- Location of La Bastide-du-Salat
- La Bastide-du-Salat La Bastide-du-Salat
- Coordinates: 43°03′24″N 0°59′14″E﻿ / ﻿43.0567°N 0.9872°E
- Country: France
- Region: Occitania
- Department: Ariège
- Arrondissement: Saint-Girons
- Canton: Portes du Couserans
- Intercommunality: Couserans-Pyrénées

Government
- • Mayor (2020–2026): Véronique Rousseau
- Area^{1}: 6.6 km^{2} (2.5 sq mi)
- Population (2023): 203
- • Density: 31/km^{2} (80/sq mi)
- Time zone: UTC+01:00 (CET)
- • Summer (DST): UTC+02:00 (CEST)
- INSEE/Postal code: 09041 /09160
- Elevation: 295–464 m (968–1,522 ft) (avg. 370 m or 1,210 ft)

= La Bastide-du-Salat =

Commune in Occitanie, France

La Bastide-du-Salat (/fr/; Era Bastida deth Salat) is a commune in the Ariège department in the Occitanie region of south-western France.

==Geography==
La Bastide-du-Salat is located some 22 km east by south-east of Saint-Gaudens and 12 km north-west of Saint-Girons. The northern and western borders of the commune are also the departmental border with Haute-Garonne. Access to the commune is by the D134 road from Lacave in the south. The D134A continues north from the village becoming the D83H at the departmental border and on to Touille. The D60F goes west from the village across the Salat to Castagnède. The western third of the commune is farmland while the rest is heavily forested.

The Salat river forms the entire western border of the commune as it flows north to join the Garonne at Roquefort-sur-Garonne. The Ruisseau de la Monge rises in the far east of the commune and flows north-east to join the Lavin west of Betchat.

==History==

Founded in 1250 by Raymon-Athon, Lord of Prat, for two centuries it was called Bastida Raimondi-Athonis de Aspello.

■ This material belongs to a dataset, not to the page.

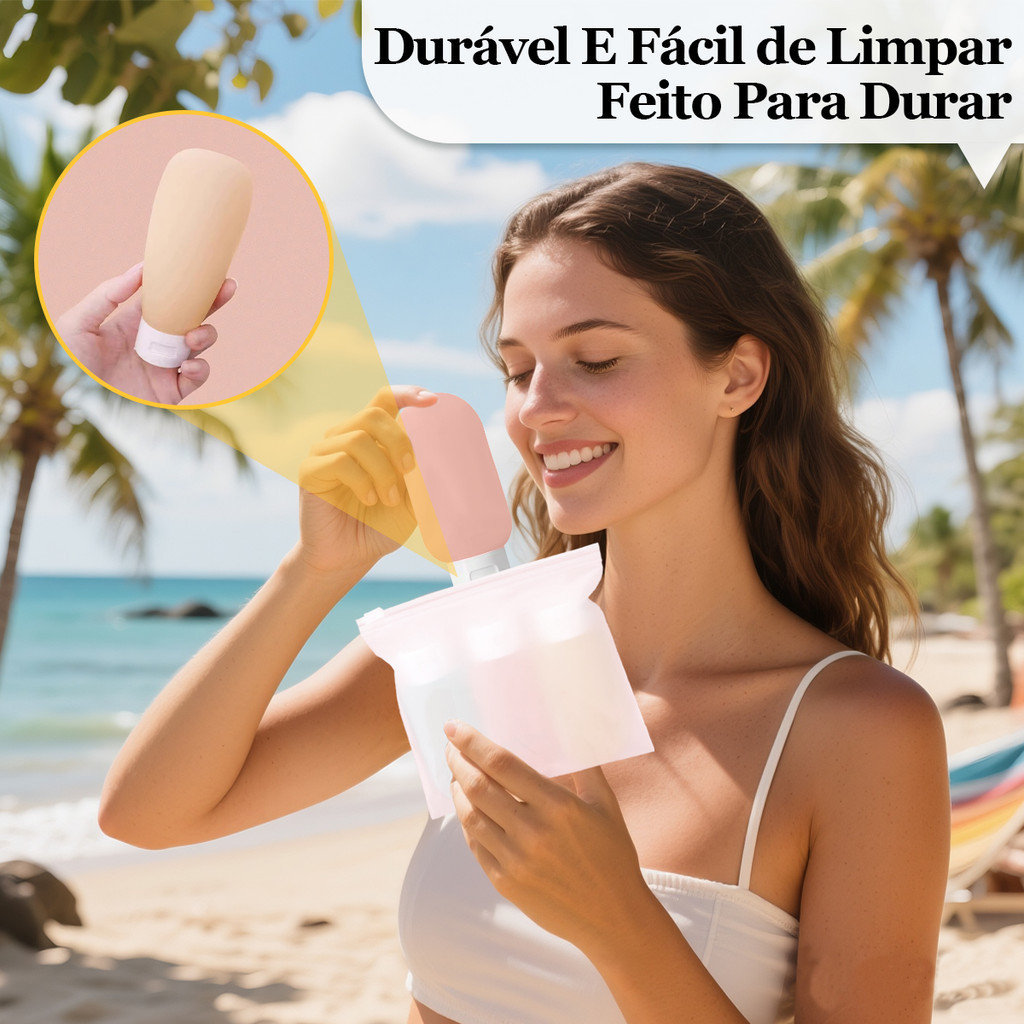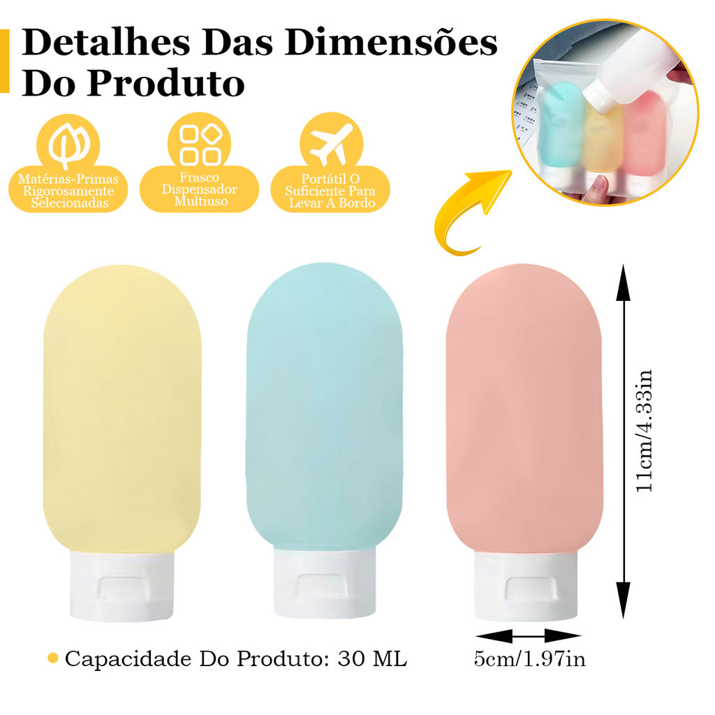Kit 6 Viagem Frascos Pote Porta Creme Shampoo Cosméticos

La Bastide-du-Salat appears as la Baftide du Salat on the 1750 Cassini Map and la Basudo on the 1790 version.

==Administration==

List of Successive Mayors

| From | To | Name |
|---|---|---|
| 2001 | 2014 | Bernard Soum |
| 2014 | 2020 | Michèle Colin |
| 2020 | 2026 | Véronique Rousseau |

==Demography==
The inhabitants of the commune are known as Salatois or Salatoises in French.

==Culture and heritage==

===Religious heritage===
The Parish Church of Notre-Dame-de-l'Assomption contains several items that are registered as historical objects:
- 6 Candlesticks (18th century)
- A Ciborium (19th century)
- A Statue: Christ on the Cross (16th century)
- A Painting: Christ in the Tomb (1842)

==Notable people linked to the commune==
- André Cantenys, French filmmaker, born in La Bastide-du-Salat in 1920.